Гуров уже был старшим инспектором, в его группе работали три инспектора, один из которых – Боря Вакуров, в прошлом году закончивший юрфак университета, – сейчас звонил. В двадцать три года Боре никакого отчества не полагалось, однако Лев Гуров еще не забыл, как сам страдал от покровительственного тона старших товарищей, и величал лейтенанта по имени-отчеству, чем приводил его в смущение. Гуров относился к себе с определенной иронией и не понимал, что для Бори он – ас МУРа и гроза убийц.
– Глущенко пришел. – Боря явно мучился, что беспокоит начальство, но иначе поступить не мог и продолжал: – Я ему пропуск заказал, пытался сам поговорить, затем добился, его… – он долго подыскивал подходящее слово. – Сам Петр Николаевич принял. А он…
Гуров однажды, сославшись на занятость, не принял Глущенко, потом писал объяснение так долго, что зарекся… «Сегодня не приму, завтра явится и полдня мне погубит», – решил Гуров и перебил:
– Знаю я твоего Глущенко, сейчас приду, дай ему какой-нибудь кроссворд, пусть ждет. – Положил трубку, стал изучать знакомую трещинку на потолке.
Анатолий Дмитриевич Глущенко не имел к Боре никакого отношения, был проклятием его, Льва Ивановича Гурова.

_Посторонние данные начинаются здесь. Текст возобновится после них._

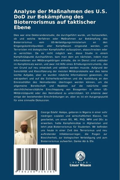 Dies war eine Doktorandenstudie, die durchgeführt wurde, um festzustellen, ob und welche Verfahren oder Maßnahmen zur Bekämpfung des Bioterrorismus vom US-Verteidigungsministerium an den Eingangskontrollpunkten aller Kampfbasen eingesetzt werden, um Terroristen mit biologischen Kampfstoffen aufzuspüren, abzuschrecken oder zu vernichten. Da es nicht möglich war, diese Studie in einem Kampfstützpunkt durchzuführen, kam man dem am nächsten, indem man Informationen von Militärangehörigen einholte, die im Dienst sind und/oder im Kampfeinsatz waren, und zwar mit Hilfe eines Erhebungsinstruments, das von Grund auf neu entwickelt und validiert werden musste. Aufgrund der Sensibilität und Klassifizierung der meisten Militärprotokolle war dies keine leichte Aufgabe, aber es wurden nützliche Informationen gewonnen, die extrapoliert und auf die Sicherheitsverfahren und die Ausbildung an den Einreisehäfen des Heimatlandes übertragen werden können, um die allgemeine Bereitschaft und Reaktion auf die natürliche oder absichtliche/vorsätzliche Einschleppung von Bioagenten in einen US-Militärstützpunkt oder das Heimatland zu unterstützen. Ich erkenne zwar einige der bestehenden Einschränkungen an, aber es ist ein Ausgangspunkt für eine sinnvolle Diskussion.
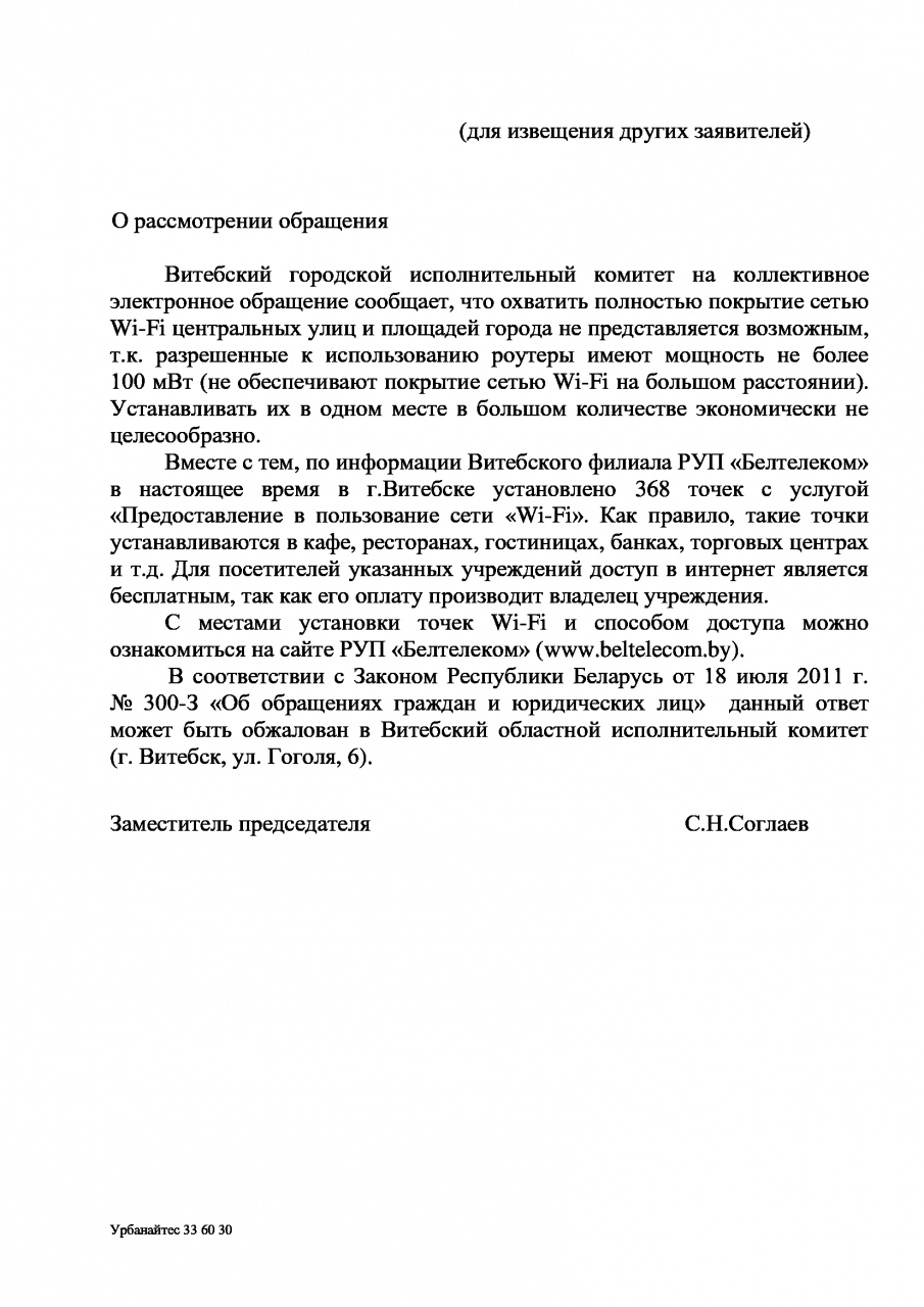 На основании ст. 41 Закона «О местном управлении и самоуправлении», которая устанавливает, что исполкомы создают условия для обеспечения граждан услугами связи, просим обеспечить публичный бесплатный доступ к Wi-Fi на центральных улицах и площадях города Витебск.

Они познакомились около года назад, когда Глущенко пришел на Петровку с жалобой на сотрудников районного отделения. Если бы Гуров мог хотя бы приблизительно предвидеть, чем закончится его встреча с этим скромным человеком с глазами удивленного, но всепрощающего святого! Если бы еще приказало начальство, а то Гуров по собственной инициативе влез в эту историю! И с тех пор раз в месяц, а то и чаще выслушивал Анатолия Дмитриевича, который, облюбовав Гурова, никому иному своих потрясающих открытий рассказывать не желал.
Гуров шел по улице неторопливо, стараясь придерживаться теневой стороны, что не всегда удавалось: солнце простреливало ее вдоль, прижимая тень к домам, порой уничтожало ее полностью. Хорошее настроение исчезло, мысли становились все ленивее и безрадостнее, чувство юмора испарялось, уступая место чувству жалости к себе.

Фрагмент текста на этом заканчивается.